Take the lines below from the one with "9) ‘rm’ :- This" through the one with "SHEIN 男童破洞简约百搭时尚街头个性破洞设计舒适直筒修身黑色牛仔裤,2025年必备单品 - 黑色" and print only them, exactly. Don't print the pictures.

• _DATA SHOWN_
+ + + +
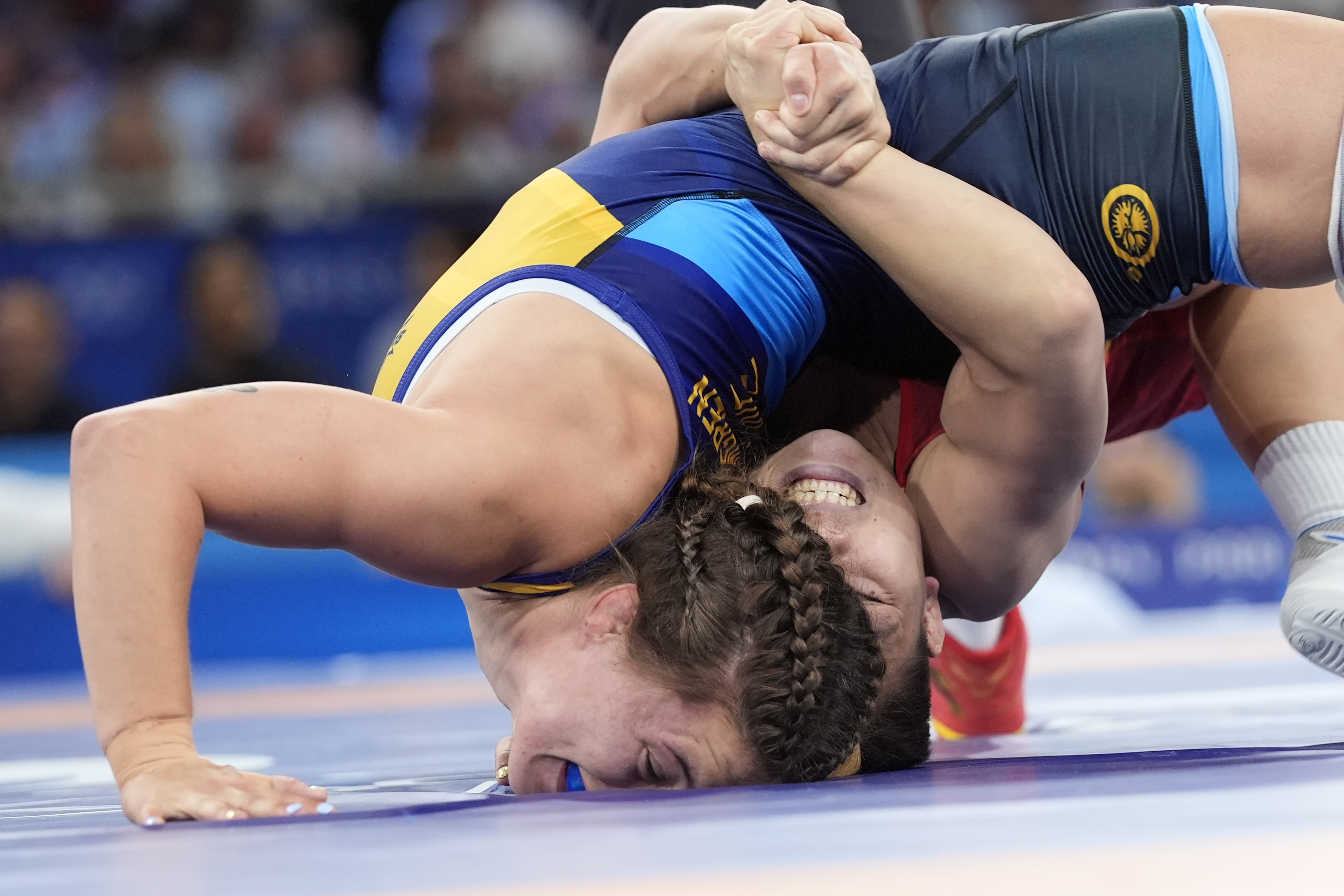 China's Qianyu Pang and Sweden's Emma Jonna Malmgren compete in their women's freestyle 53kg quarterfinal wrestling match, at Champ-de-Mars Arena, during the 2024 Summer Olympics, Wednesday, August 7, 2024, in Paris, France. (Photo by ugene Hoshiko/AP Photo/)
+ + + +
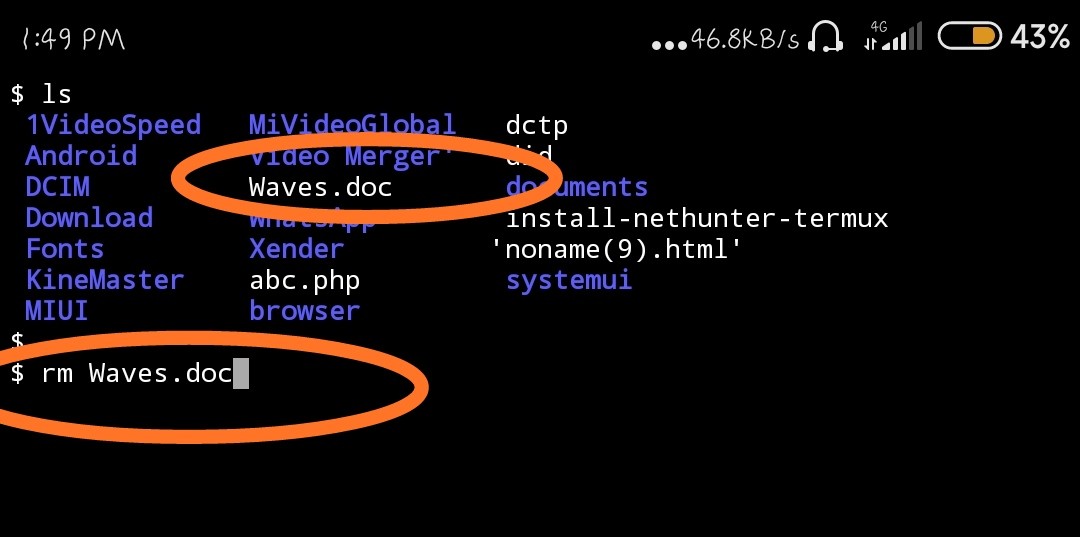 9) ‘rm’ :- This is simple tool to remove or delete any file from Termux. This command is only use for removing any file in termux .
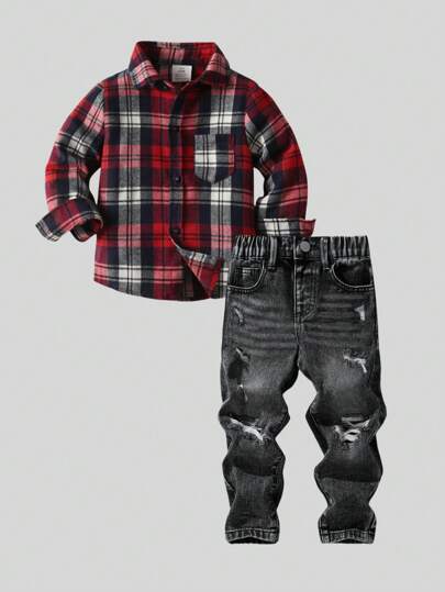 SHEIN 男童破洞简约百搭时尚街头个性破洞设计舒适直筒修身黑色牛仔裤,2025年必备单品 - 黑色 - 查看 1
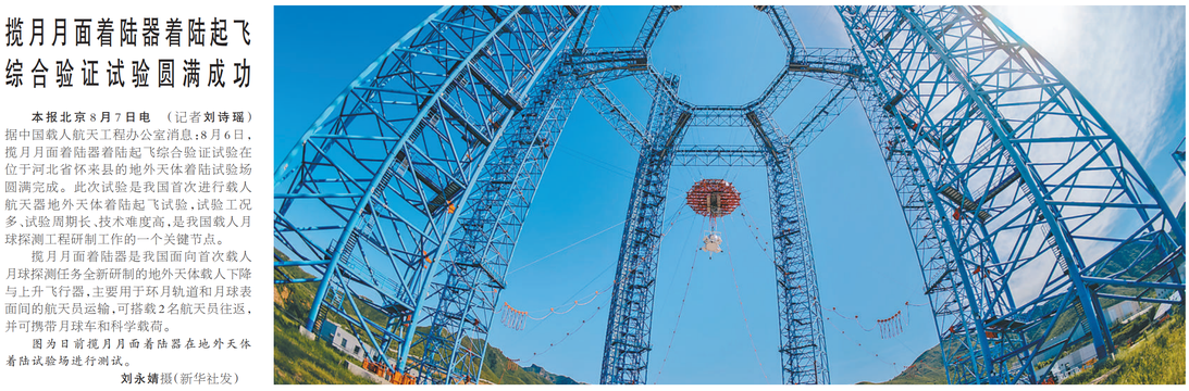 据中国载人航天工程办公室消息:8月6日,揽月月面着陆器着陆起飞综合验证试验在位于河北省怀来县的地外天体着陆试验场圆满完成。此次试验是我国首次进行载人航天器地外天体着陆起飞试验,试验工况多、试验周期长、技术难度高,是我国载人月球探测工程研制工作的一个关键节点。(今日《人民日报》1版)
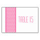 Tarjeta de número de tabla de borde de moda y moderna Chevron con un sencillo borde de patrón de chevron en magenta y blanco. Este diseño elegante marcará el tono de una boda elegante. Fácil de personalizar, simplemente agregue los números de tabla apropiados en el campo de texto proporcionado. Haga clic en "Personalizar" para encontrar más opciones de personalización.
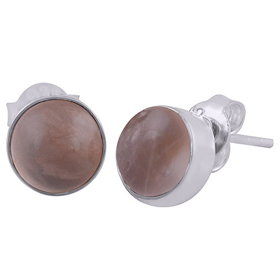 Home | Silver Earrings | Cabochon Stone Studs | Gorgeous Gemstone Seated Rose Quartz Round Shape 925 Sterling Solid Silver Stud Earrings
+ + + +
• _SOLVED EXERCISE_
 9) ‘rm’ :- This is simple tool to remove or delete any file from Termux. This command is only use for removing any file in termux .
 SHEIN 男童破洞简约百搭时尚街头个性破洞设计舒适直筒修身黑色牛仔裤,2025年必备单品 - 黑色 - 查看 1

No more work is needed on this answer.